DNA and RNA extraction and cDNA synthesis

Cells in TFF concentrates were pelleted by centrifugation at 6000 rcf for 10 min after defrosting. Genomic DNA was extracted from the pellet and filter using MoBio PowerSoil DNA Isolation Kit (Qiagen, Valencia, CA, USA) according to manufacturer’s instructions. Total RNA was extracted from the filter preserved in Ambion RNAlater Solution using RNeasy Mini Kit (Qiagen, Valencia, CA, USA). An Ambion Tubro DNA-free Kit (ThermoFisher Scientific, Waltham, WA, USA) was used to digest residual DNA. To verify complete removal of genomic DNA in total RNA, we utilized total RNA as a template to amplify 16S rRNA gene with general primer 515F (5′-GTGCCAGCMGCCGCGGTAA-3′) and 806R (5′-GGACTACHVGGGTWTCTAAT-3′) and performed electrophoresis detection. DNA and RNA concentrations were measured by NanoDrop One (Thermo Fisher Scientific, Waltham, MA, USA).

Reverse transcription-PCR (RT-PCR) amplification of 16S rRNA was achieved using Invitrogen SuperScript III One-Step RT-PCR System with Platinum Taq DNA Polymerase (ThermoFisher Scientific, Waltham, WA, USA).
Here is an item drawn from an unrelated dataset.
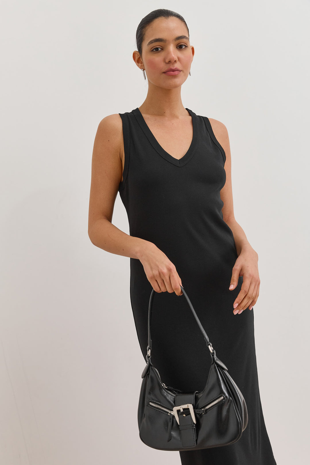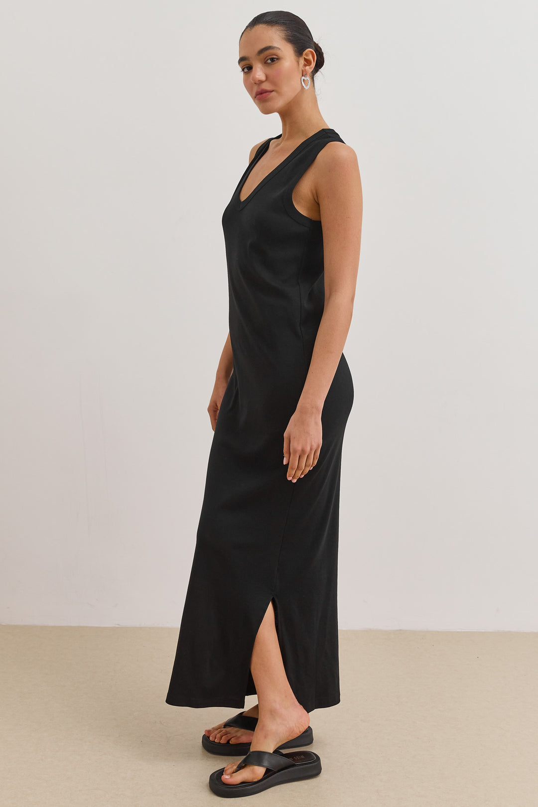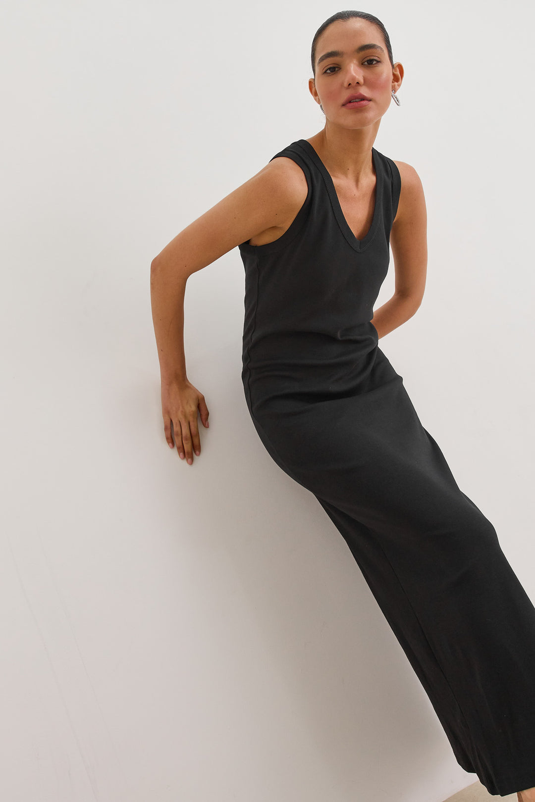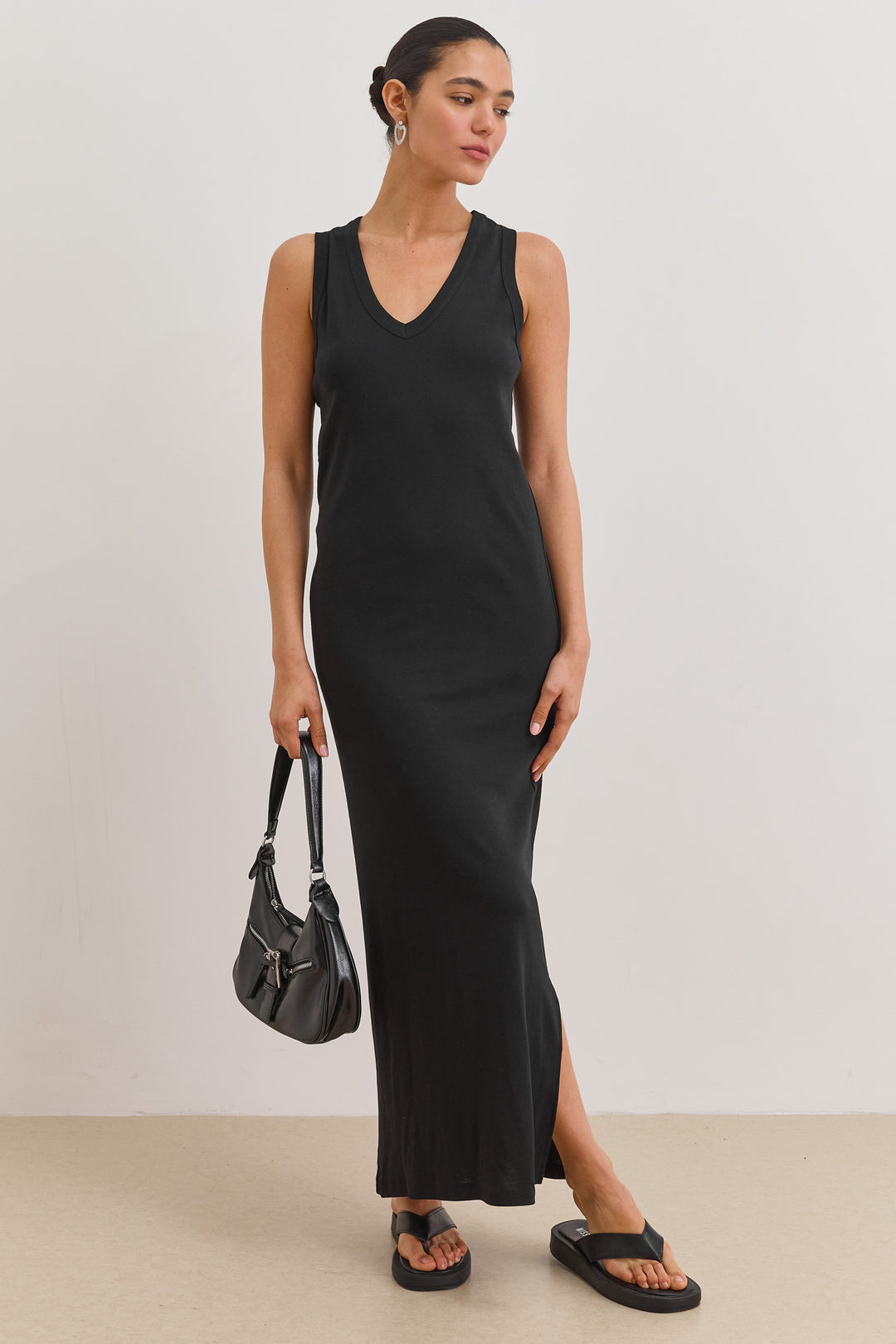 שמלת מקסי אן מרי מחשוף וי | שחור

Specifically, it was carried out in a 50 μL reaction containing 25 μL 2 × Reaction buffer, 0.2 μM of both sense and anti-sense primers (515F and 806R), 10–15 ng template and 2 μL SuperScript III RT/Platinum Taq Mix using the following program: cDNA synthesis at 55 °C for 30 min; initial denaturation at 94 °C for 3 min; 35 cycles of 94 °C for 45 s, 50 °C for 60 s, and 72 °C for 90 s; final extension at 72 °C for 10 min. The synthesized cDNA was purified with the QIAquick PCR Purification Kit (Qiagen, Valencia, CA, USA).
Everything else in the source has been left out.